Он подождал, потом еще подождал. Потом подошел к двери кухни. Они шептались очень громко, он постоял и послушал. «Не ори! – это был женский шепот. – Не ори! Не смей на меня орать!» Мужской шепот надрывно отвечал: «Я ору, потому что ты его губишь! Гу-бишь! Зачем ты это притащила?!» – «Потому что он ими интересуется, – отвечала женщина. – Потому что куклы вызывают у него интерес!» – «Лена, – сказал мужской шепот очень спокойно, – Лена, ты его губишь. Он слабоумный, и нужно…» – «Не смей так говорить о ребенке!» – заорала женщина в полный голос (они часто так орали; ему стало скучно, он присел на пол под дверью кухни и повернул голову куклы боком, – так, чтобы видеть оба лица сразу). Тогда мужчина тоже заорал в полный голос: «Я смею, потому что это правда! Ему одиннадцать лет, с ним нужны специальные занятия, ему нужен интернат, ты не даешь ему шансов! Ты таскаешь ему кукол!»
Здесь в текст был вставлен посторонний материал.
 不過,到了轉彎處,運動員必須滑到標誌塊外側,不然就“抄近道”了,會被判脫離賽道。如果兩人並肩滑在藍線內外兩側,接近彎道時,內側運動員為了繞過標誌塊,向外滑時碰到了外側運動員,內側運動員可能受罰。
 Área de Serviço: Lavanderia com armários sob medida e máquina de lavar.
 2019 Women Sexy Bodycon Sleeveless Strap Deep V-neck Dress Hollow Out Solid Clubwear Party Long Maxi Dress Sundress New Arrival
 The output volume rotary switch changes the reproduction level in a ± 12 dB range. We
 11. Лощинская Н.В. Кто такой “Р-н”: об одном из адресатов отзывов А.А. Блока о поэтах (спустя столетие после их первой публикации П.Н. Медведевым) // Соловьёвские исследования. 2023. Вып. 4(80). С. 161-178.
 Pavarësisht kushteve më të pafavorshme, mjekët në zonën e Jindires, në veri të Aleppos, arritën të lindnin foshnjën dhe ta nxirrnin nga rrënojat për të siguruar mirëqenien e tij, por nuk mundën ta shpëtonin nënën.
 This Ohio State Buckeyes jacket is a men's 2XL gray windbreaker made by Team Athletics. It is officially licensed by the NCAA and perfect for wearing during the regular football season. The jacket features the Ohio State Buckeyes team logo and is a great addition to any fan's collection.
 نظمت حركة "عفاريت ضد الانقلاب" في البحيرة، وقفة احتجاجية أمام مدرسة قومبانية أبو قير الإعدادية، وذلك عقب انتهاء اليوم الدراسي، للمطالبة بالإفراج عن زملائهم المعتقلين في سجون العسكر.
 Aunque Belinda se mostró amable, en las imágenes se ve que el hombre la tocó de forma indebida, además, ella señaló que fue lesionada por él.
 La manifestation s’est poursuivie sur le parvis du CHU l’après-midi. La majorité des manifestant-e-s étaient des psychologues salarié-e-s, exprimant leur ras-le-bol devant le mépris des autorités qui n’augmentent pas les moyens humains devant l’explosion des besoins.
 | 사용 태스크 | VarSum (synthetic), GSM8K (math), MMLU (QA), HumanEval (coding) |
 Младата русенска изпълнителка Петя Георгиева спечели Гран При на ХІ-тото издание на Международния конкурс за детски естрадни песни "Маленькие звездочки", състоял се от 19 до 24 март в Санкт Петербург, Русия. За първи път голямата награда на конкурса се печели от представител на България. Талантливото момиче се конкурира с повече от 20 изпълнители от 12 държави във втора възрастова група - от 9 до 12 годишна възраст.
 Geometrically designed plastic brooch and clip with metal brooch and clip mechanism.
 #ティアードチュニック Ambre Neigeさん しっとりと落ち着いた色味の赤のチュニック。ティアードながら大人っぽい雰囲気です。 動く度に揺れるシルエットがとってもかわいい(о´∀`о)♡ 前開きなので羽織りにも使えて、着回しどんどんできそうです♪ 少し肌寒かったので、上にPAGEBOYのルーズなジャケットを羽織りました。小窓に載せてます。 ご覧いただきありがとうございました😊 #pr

Тут ему надоело ждать, он пошел в ванную, залез под ящик с бельем, нашел там ножницы, сначала аккуратно срезал с куклы ценник, а потом провел тонким матовым лезвием вдоль одной руки и вдоль другой. Получилось очень красиво.
Он потер пальцами висок, она спросила – что, голова болит? Он утвердительно опустил веки, и тогда она сказала:
– Хотите, я поцелую – и у вас все пройдет?
Он изумленно уставился на нее. Она быстро отвела глаза, сделала неловкое движение рукой – как будто попыталась убрать сказанное из разделяющего их воздуха, – и поспешно вышла из лифта.